#### Extracted data
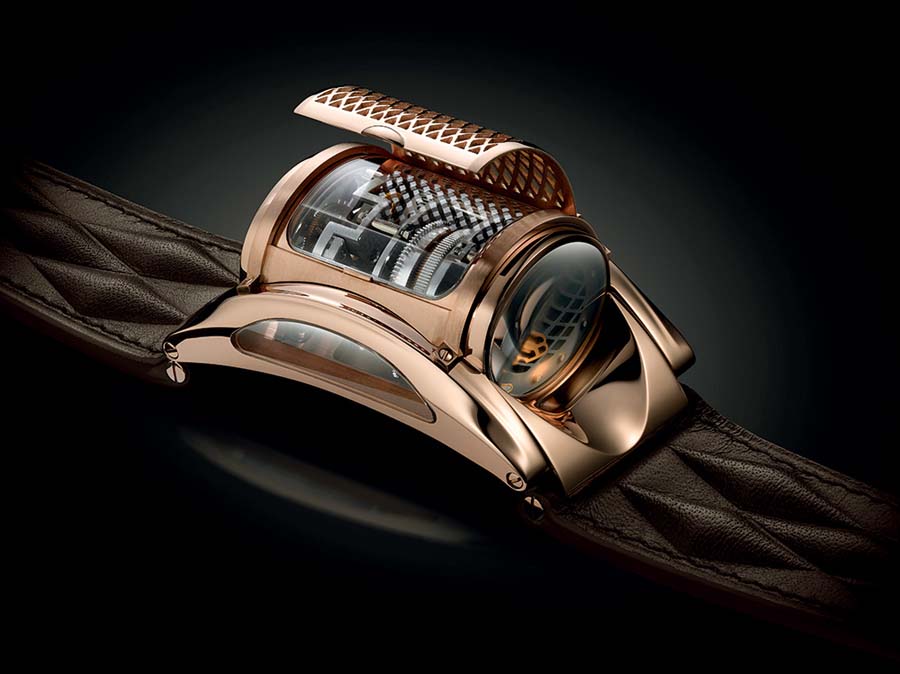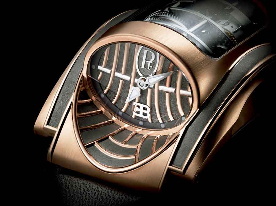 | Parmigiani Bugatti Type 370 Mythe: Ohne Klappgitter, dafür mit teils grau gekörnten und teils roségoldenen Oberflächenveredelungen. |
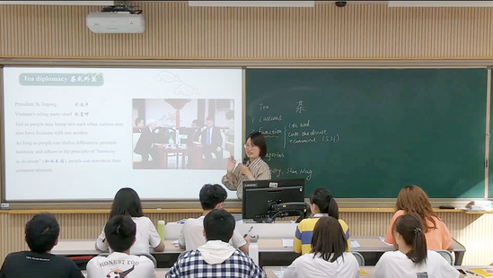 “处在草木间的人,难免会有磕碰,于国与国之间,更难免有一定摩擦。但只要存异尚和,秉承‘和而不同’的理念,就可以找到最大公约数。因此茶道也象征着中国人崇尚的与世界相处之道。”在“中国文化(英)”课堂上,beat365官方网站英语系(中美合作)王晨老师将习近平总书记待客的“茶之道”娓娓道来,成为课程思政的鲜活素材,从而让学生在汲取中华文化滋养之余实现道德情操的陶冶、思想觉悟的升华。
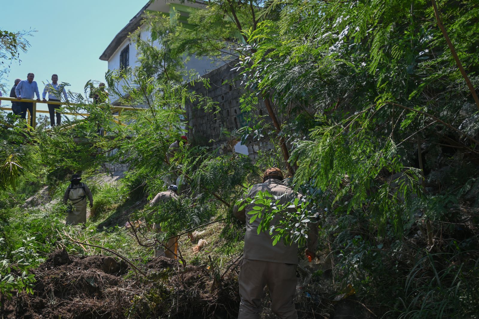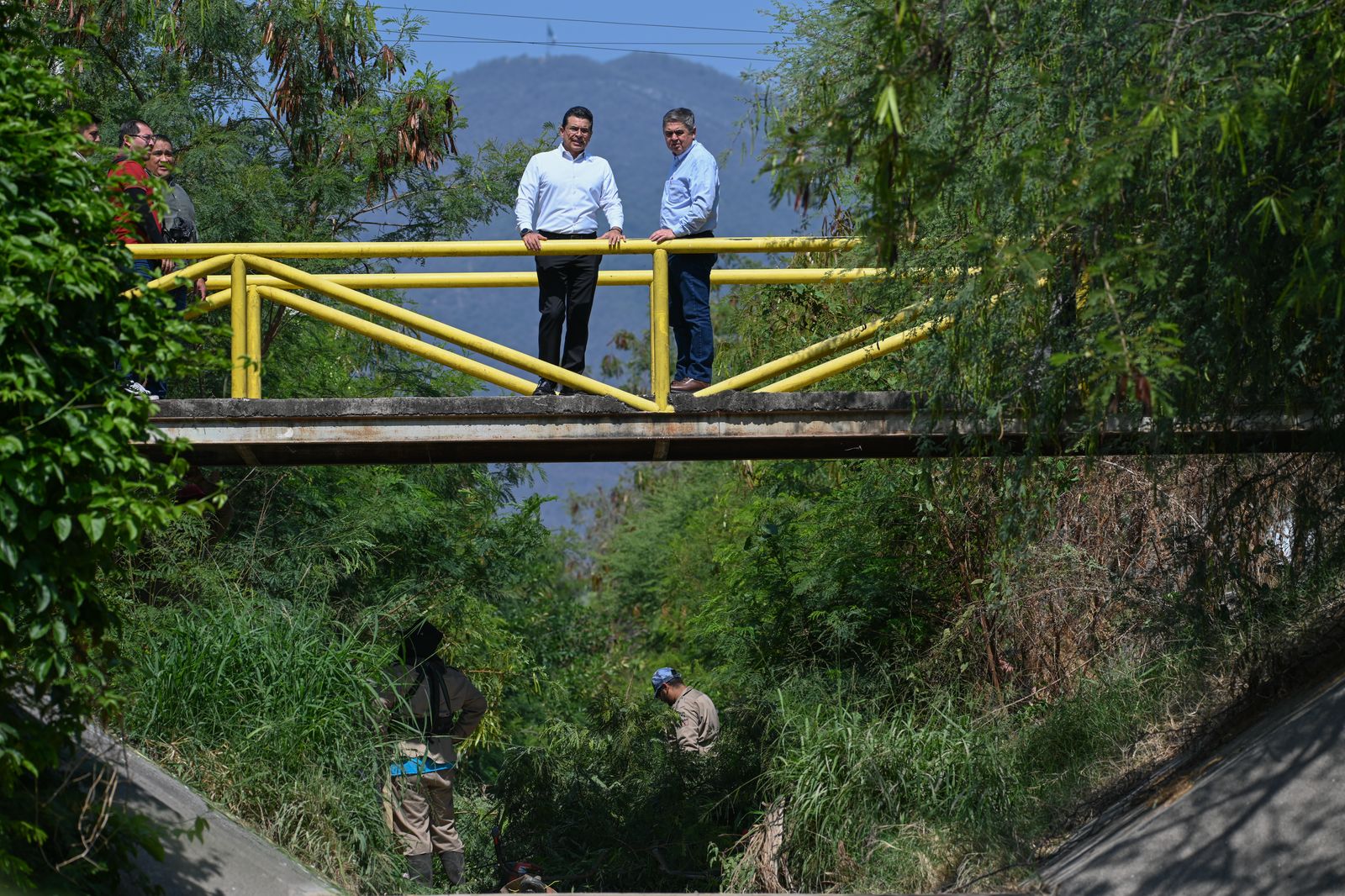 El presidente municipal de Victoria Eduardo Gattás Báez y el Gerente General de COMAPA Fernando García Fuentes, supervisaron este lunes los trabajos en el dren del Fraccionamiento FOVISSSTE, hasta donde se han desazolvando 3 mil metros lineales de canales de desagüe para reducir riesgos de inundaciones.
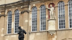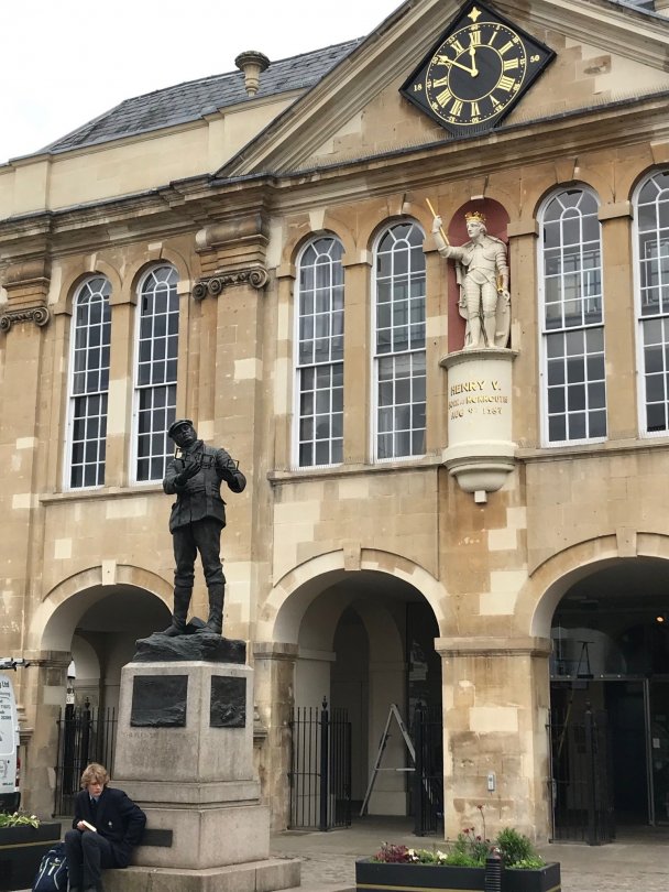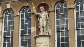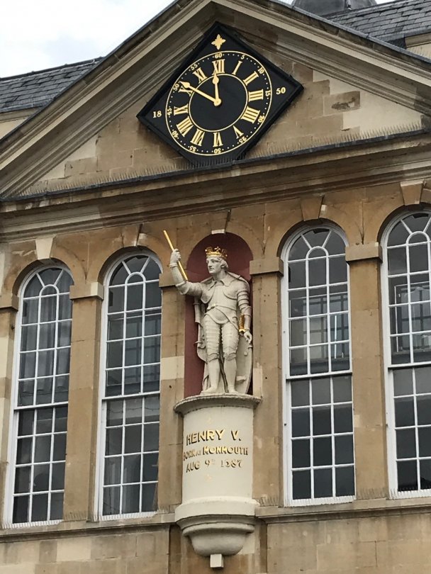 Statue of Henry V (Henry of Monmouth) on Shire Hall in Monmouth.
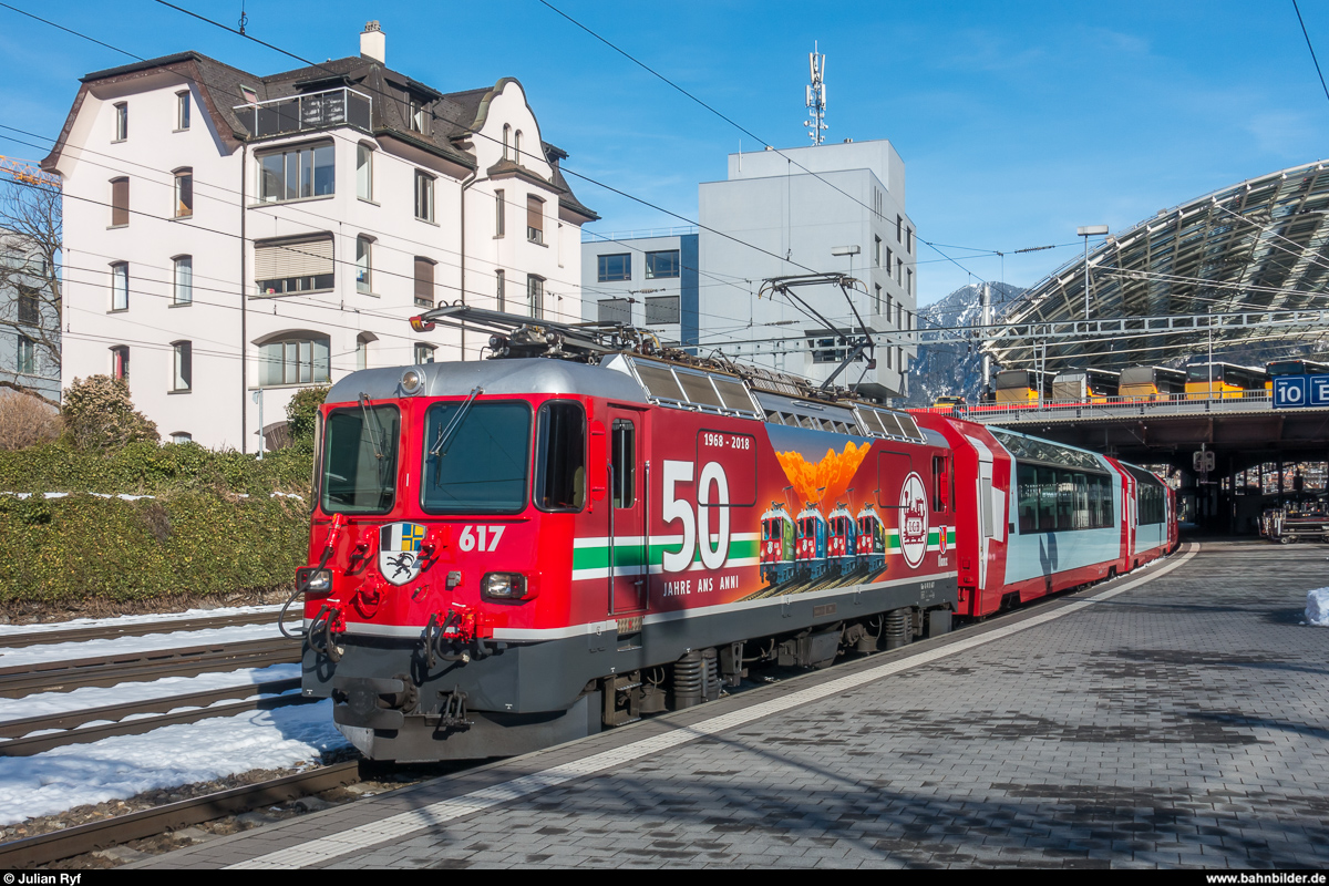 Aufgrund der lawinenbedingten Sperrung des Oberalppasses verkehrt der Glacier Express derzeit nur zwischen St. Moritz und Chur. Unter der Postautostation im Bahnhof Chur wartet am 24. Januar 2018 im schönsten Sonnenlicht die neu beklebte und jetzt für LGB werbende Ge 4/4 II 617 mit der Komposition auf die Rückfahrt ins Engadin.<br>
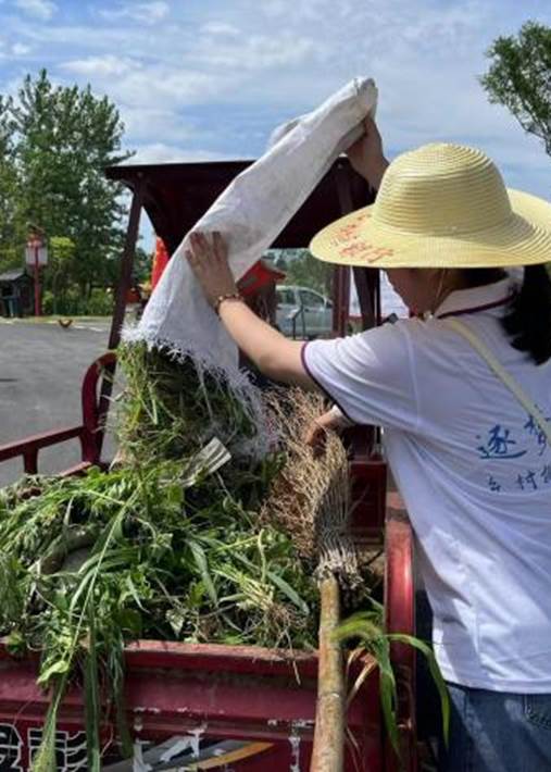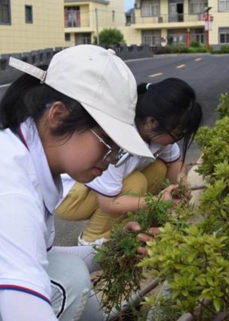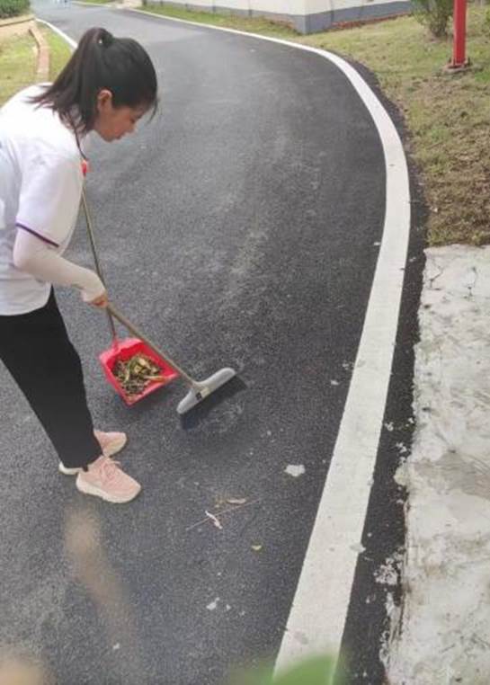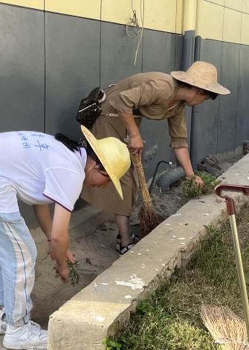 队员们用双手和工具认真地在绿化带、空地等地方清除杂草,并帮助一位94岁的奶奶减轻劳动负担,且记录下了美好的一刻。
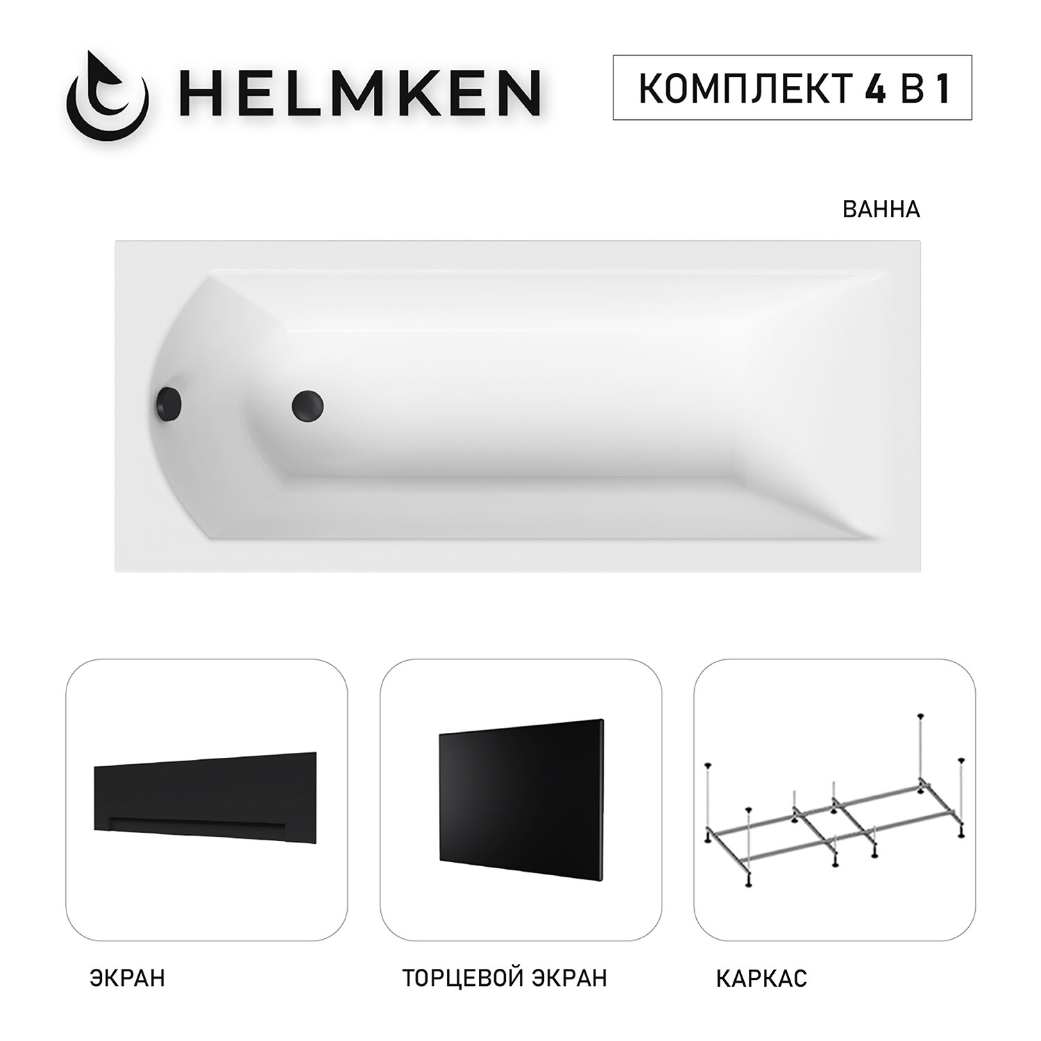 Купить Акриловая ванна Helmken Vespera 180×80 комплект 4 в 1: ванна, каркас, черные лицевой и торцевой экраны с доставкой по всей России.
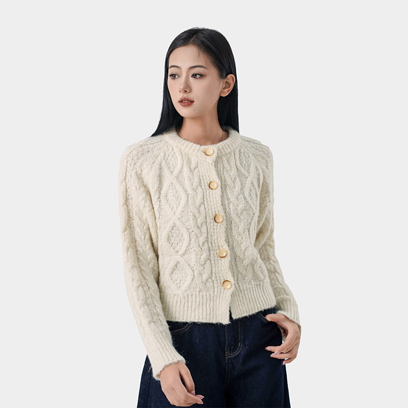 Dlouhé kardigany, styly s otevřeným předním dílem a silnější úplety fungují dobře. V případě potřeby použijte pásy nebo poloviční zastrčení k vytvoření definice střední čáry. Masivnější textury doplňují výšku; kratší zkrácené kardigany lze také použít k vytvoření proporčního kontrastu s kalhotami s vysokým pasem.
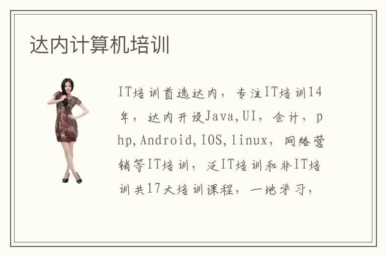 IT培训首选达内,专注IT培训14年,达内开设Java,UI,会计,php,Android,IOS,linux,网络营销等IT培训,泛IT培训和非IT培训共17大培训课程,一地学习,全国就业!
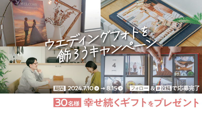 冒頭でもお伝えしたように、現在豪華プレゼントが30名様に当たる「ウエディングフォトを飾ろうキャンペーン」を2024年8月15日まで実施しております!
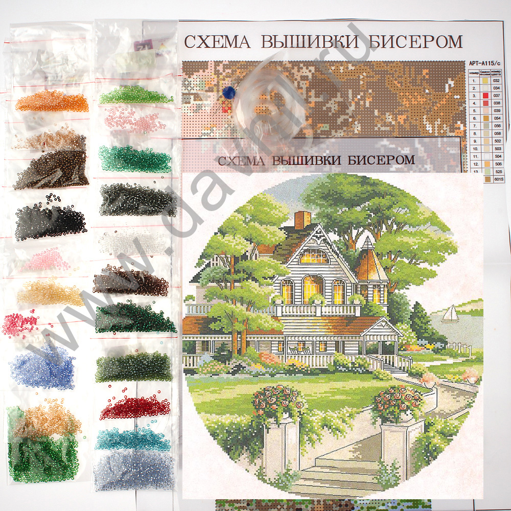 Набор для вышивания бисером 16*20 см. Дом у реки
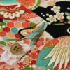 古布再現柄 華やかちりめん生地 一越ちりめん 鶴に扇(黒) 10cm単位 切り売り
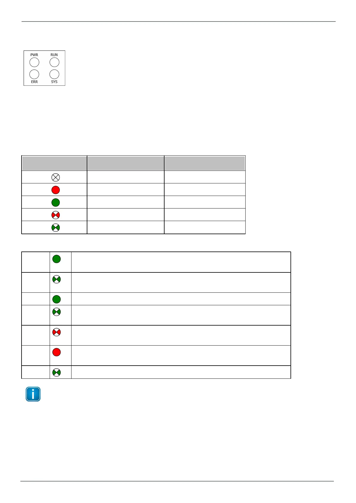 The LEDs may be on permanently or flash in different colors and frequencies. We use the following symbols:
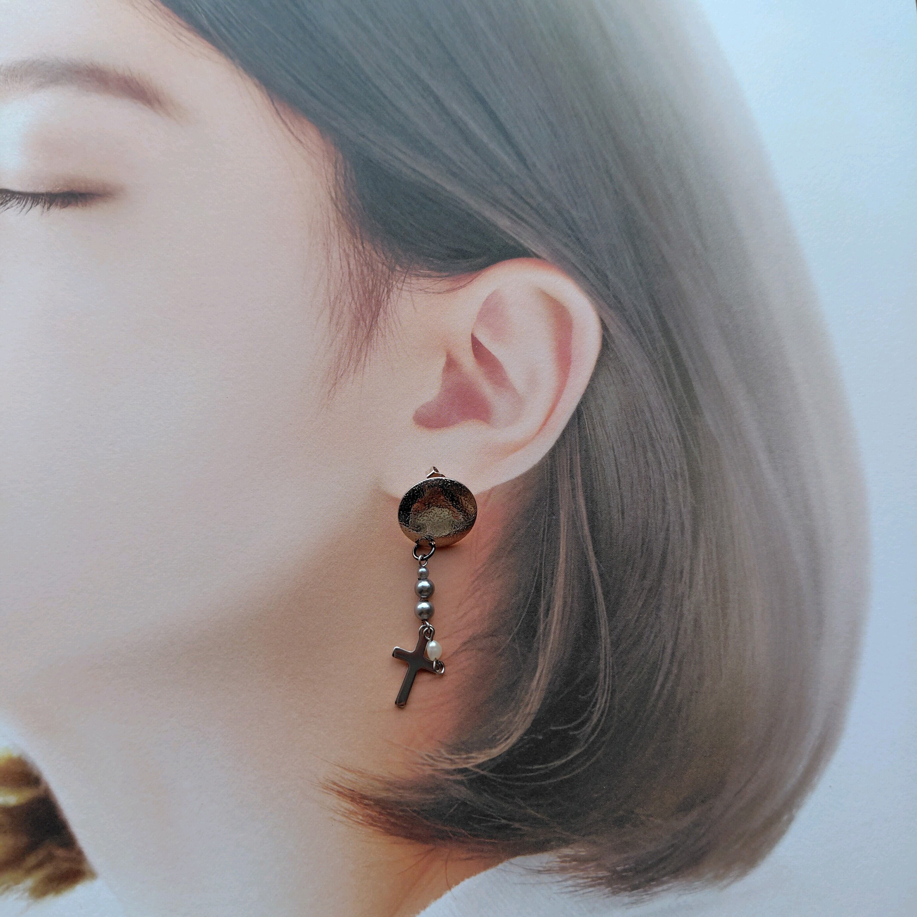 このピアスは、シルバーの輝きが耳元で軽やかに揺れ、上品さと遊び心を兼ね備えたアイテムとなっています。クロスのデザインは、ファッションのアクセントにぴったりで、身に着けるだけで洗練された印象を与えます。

#### What you should do
Each line above starting at the one holding "队员们用双手和工具认真地在绿" and ending at the one holding "Купить Акриловая ванна" should be set down exactly as it stands, both ends included, with no pictures.

#### Answer
 队员们用双手和工具认真地在绿化带、空地等地方清除杂草,并帮助一位94岁的奶奶减轻劳动负担,且记录下了美好的一刻。
 Купить Акриловая ванна Helmken Vespera 180×80 комплект 4 в 1: ванна, каркас, черные лицевой и торцевой экраны с доставкой по всей России.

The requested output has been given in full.